**ACTIVITY**. Give the lines again exactly as they appear, from the first line of the listing through the line containing "Siri will also", and omit every picture.

**DATA FOR PROCESSING**.

━━━━━━

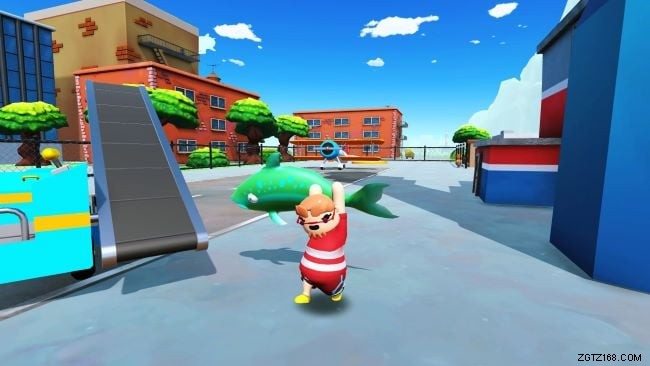 This one is a little tricky and plenty wacky! For this delivery, you need to launch a giant fish onto a delivery chute on the side of a building way up high. To accomplish this, you will be granted access to the blue conveyor belt truck.
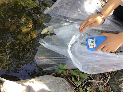 そこへ、生徒の親戚の方のご厚意で、3匹の鯉を放流してもらえました。
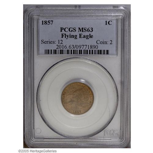 1857 1C MS63 PCGS. Well struck with grainy, matte-like 1857[1C] MS63 PCGS.
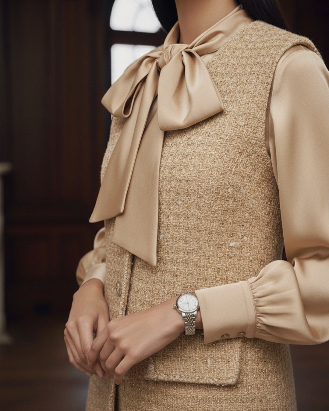 Paired with a luxurious satin blouse in a coordinating champagne tone, the bow-tie neckline adds a romantic, polished touch — creating a complete ensemble that feels both powerful and effortlessly graceful.
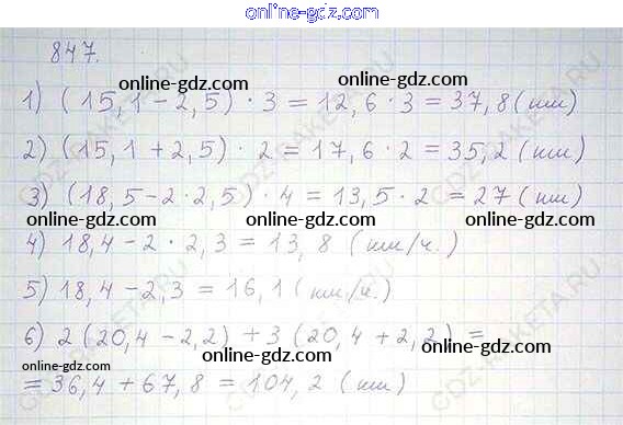 Готовые домашние задания по Математике за 6 класс Учебник Никольский, Потапов МГУ - школе 2014 - Номера 847
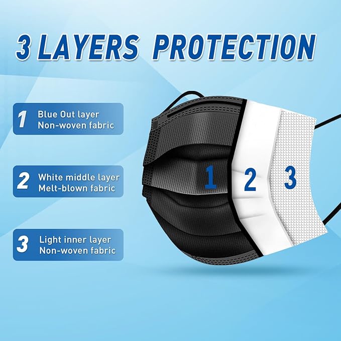 - High Quality 3 Layer Face Masks: 100 Pack Disposable Black Face Mask. 3 layer black disposable face mask with white inside
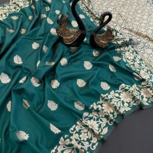 Incredible Dark Green Soft Banarasi Silk Saree With Demanding Blouse Piece
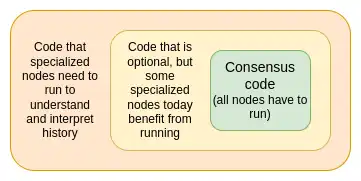 · 橙色和黄色区域的复杂性是封装复杂性,理解协议的人可跳过这些部分,以太坊实现可忽略它们,这些区域的错误不会引发共识风险。因此,橙色和黄色区域的代码复杂性远比绿色区域的复杂性危害小。
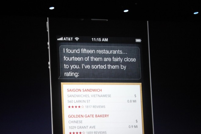 Siri will also be integrated into third-party services such as OpenTable, Rotten Tomatoes, Yelp, and sports data. For example, in the demo, Scott Forstall asked Siri sports trivia, such as a baseball player’s batting average and the score of a recent game, which Siri sourced. Yelp’s integration will help Siri find restaurants near your location and provide ratings and reviews for those restaurants. The integration with Rotten Tomatoes will delight movie lovers, as you can find films and showtimes, watch a trailer and research individual actors using only your voice.
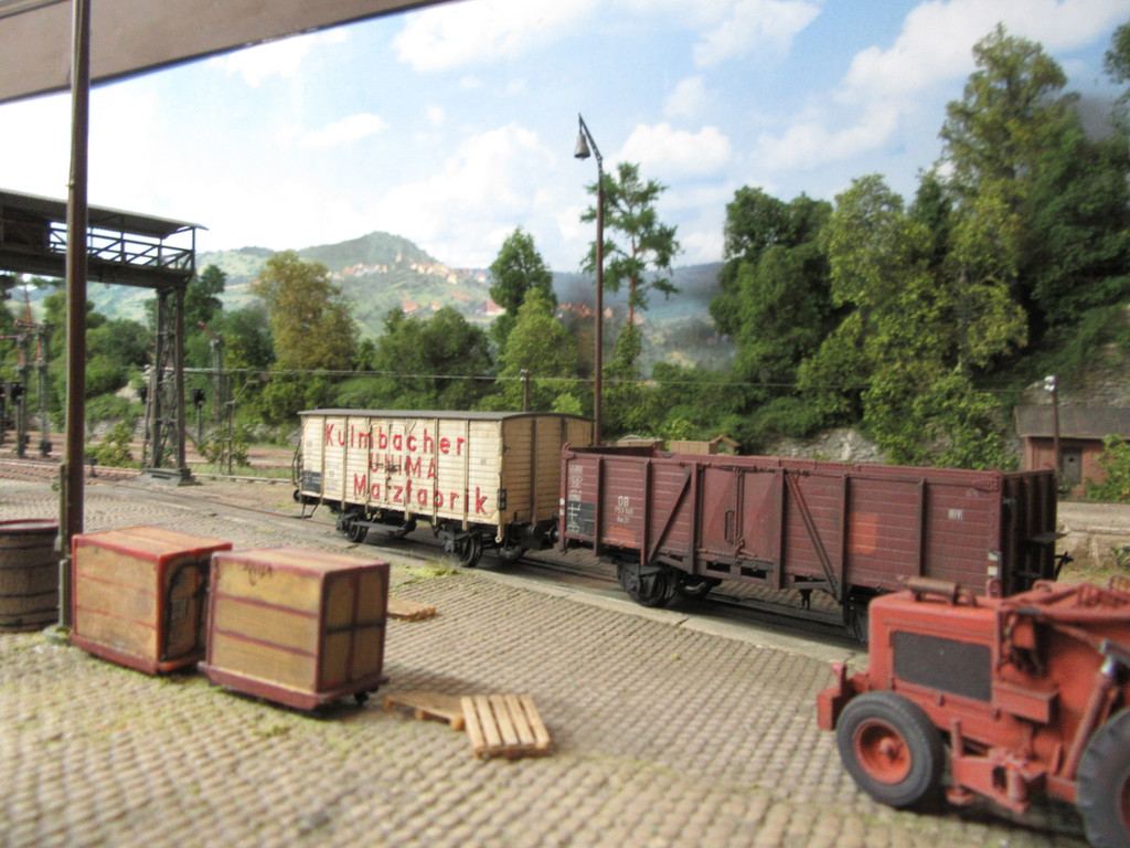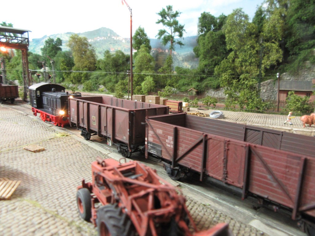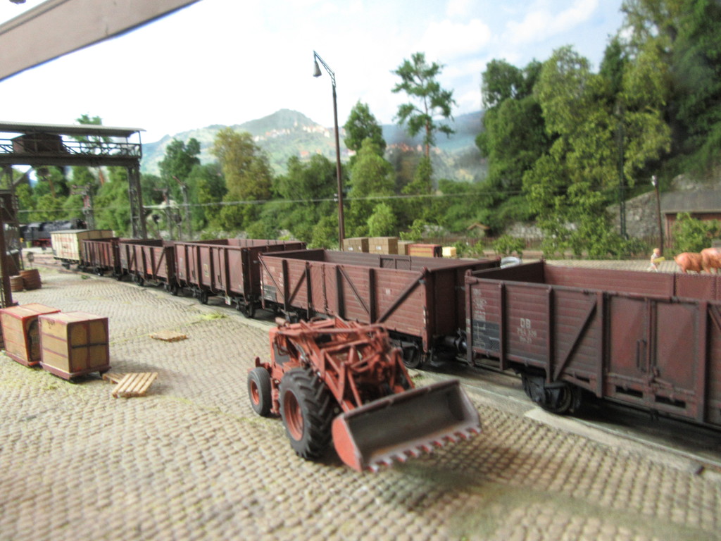 Daß Du zum Entspannen immer paar Waggons "einsaust" gut - das gibt der ganzen Anlage mehr Flair! Sieht man gut im Kontrast zu den schachtelfrischen neuen Lokomotiven. Tja und mit dem Grenzgebiet hast Du's gut, da kannste auch etwas flexibler beim Fuhrpark sein...
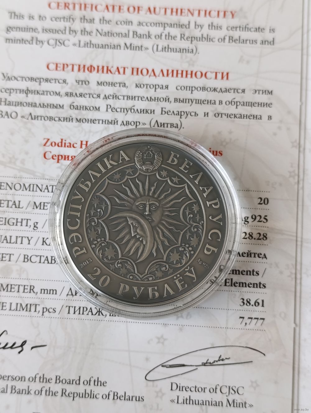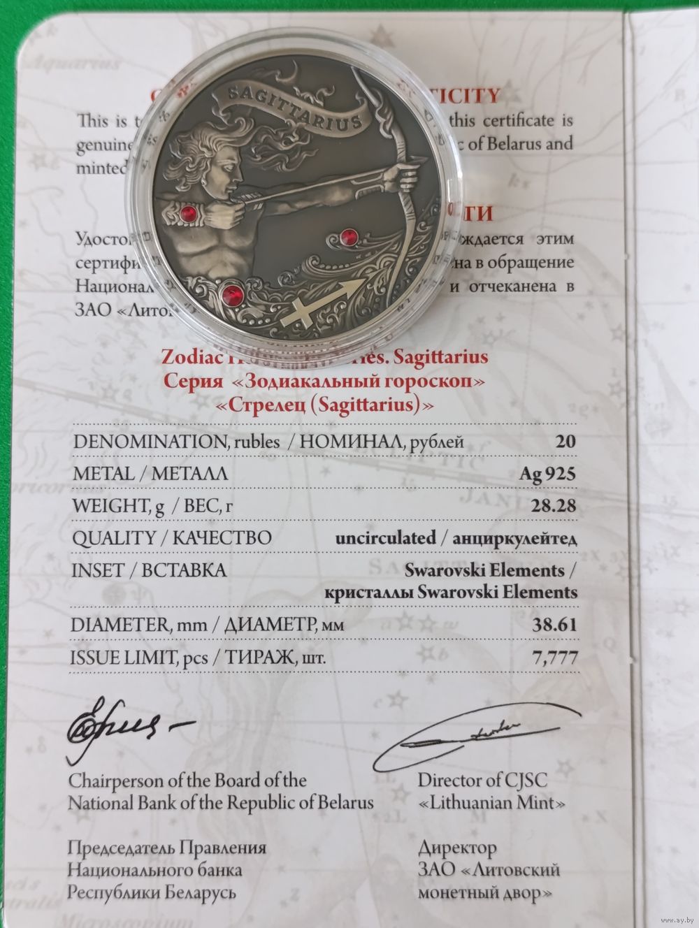20 рублей 2013 год. Зодиакальный гороскоп. Стрелец. Серебро.
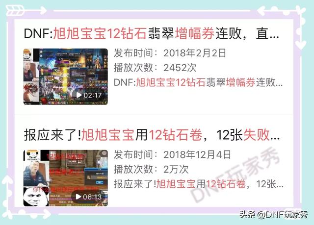 秀儿还记得一个报道,一位玩家网吧玩DNF,12钻石增幅券两连败猝死,让人痛惜不已;还有就是增幅王旭旭宝宝,也创下了12张钻石,翡翠12增幅券12连败的最高纪录,无人打破,坐实了“国服增幅万个”的美名!
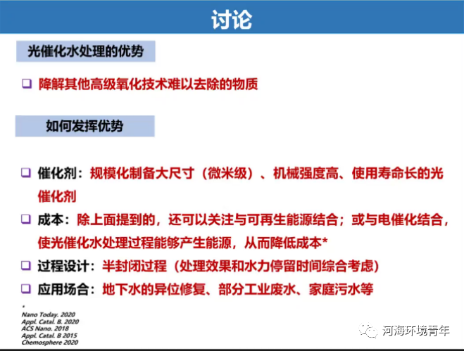 王教授通过紫外光催化降解的实际应用为引,向同学们进一步拓展了光催化水处理技术的发展现状,并分析其在当今市场上的优点:能耗低、无需其他试剂、能够去除其他高级氧化技术难以去除的污染物。
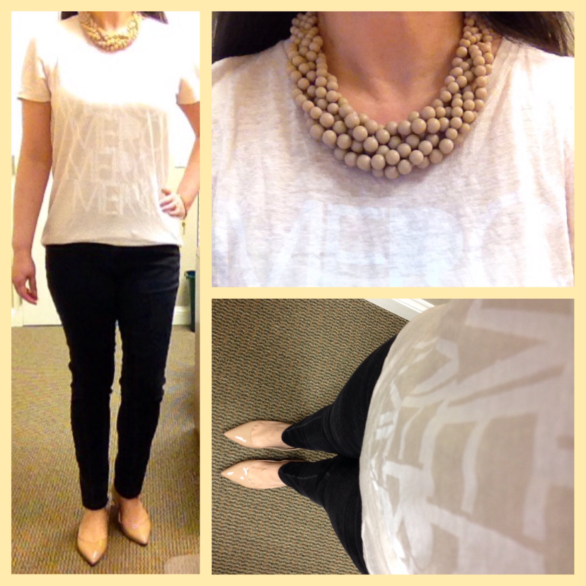 Thought I’d share the outfits I wore this week…it’s a nice way to reflect back on my choices and get inspired for future OOTDs. Hopefully, you can get some ideas as well. Looks like I was favoring nude shoes this week with my Via Spiga flats and Nine West pumps….love ’em both!
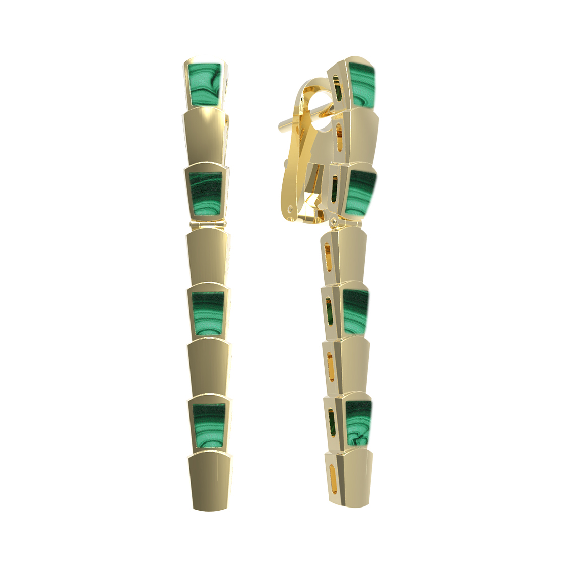 Серьги из лимонного золота c малахитом
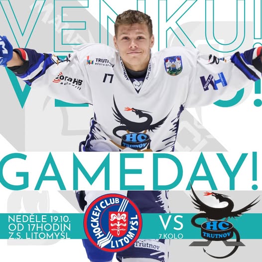HRAJEME VENKU! Dnes od 17:00 v Litomyšli 👊🏼 Jedeme bojovat o další body! 🐉🩵🤍 #mámedračísrdce (fb)

━━━━━━

**FINISHED EXERCISE**.
 This one is a little tricky and plenty wacky! For this delivery, you need to launch a giant fish onto a delivery chute on the side of a building way up high. To accomplish this, you will be granted access to the blue conveyor belt truck.
 そこへ、生徒の親戚の方のご厚意で、3匹の鯉を放流してもらえました。
 1857 1C MS63 PCGS. Well struck with grainy, matte-like 1857[1C] MS63 PCGS.
 Paired with a luxurious satin blouse in a coordinating champagne tone, the bow-tie neckline adds a romantic, polished touch — creating a complete ensemble that feels both powerful and effortlessly graceful.
 Готовые домашние задания по Математике за 6 класс Учебник Никольский, Потапов МГУ - школе 2014 - Номера 847
 - High Quality 3 Layer Face Masks: 100 Pack Disposable Black Face Mask. 3 layer black disposable face mask with white inside
 Incredible Dark Green Soft Banarasi Silk Saree With Demanding Blouse Piece
 · 橙色和黄色区域的复杂性是封装复杂性,理解协议的人可跳过这些部分,以太坊实现可忽略它们,这些区域的错误不会引发共识风险。因此,橙色和黄色区域的代码复杂性远比绿色区域的复杂性危害小。
 Siri will also be integrated into third-party services such as OpenTable, Rotten Tomatoes, Yelp, and sports data. For example, in the demo, Scott Forstall asked Siri sports trivia, such as a baseball player’s batting average and the score of a recent game, which Siri sourced. Yelp’s integration will help Siri find restaurants near your location and provide ratings and reviews for those restaurants. The integration with Rotten Tomatoes will delight movie lovers, as you can find films and showtimes, watch a trailer and research individual actors using only your voice.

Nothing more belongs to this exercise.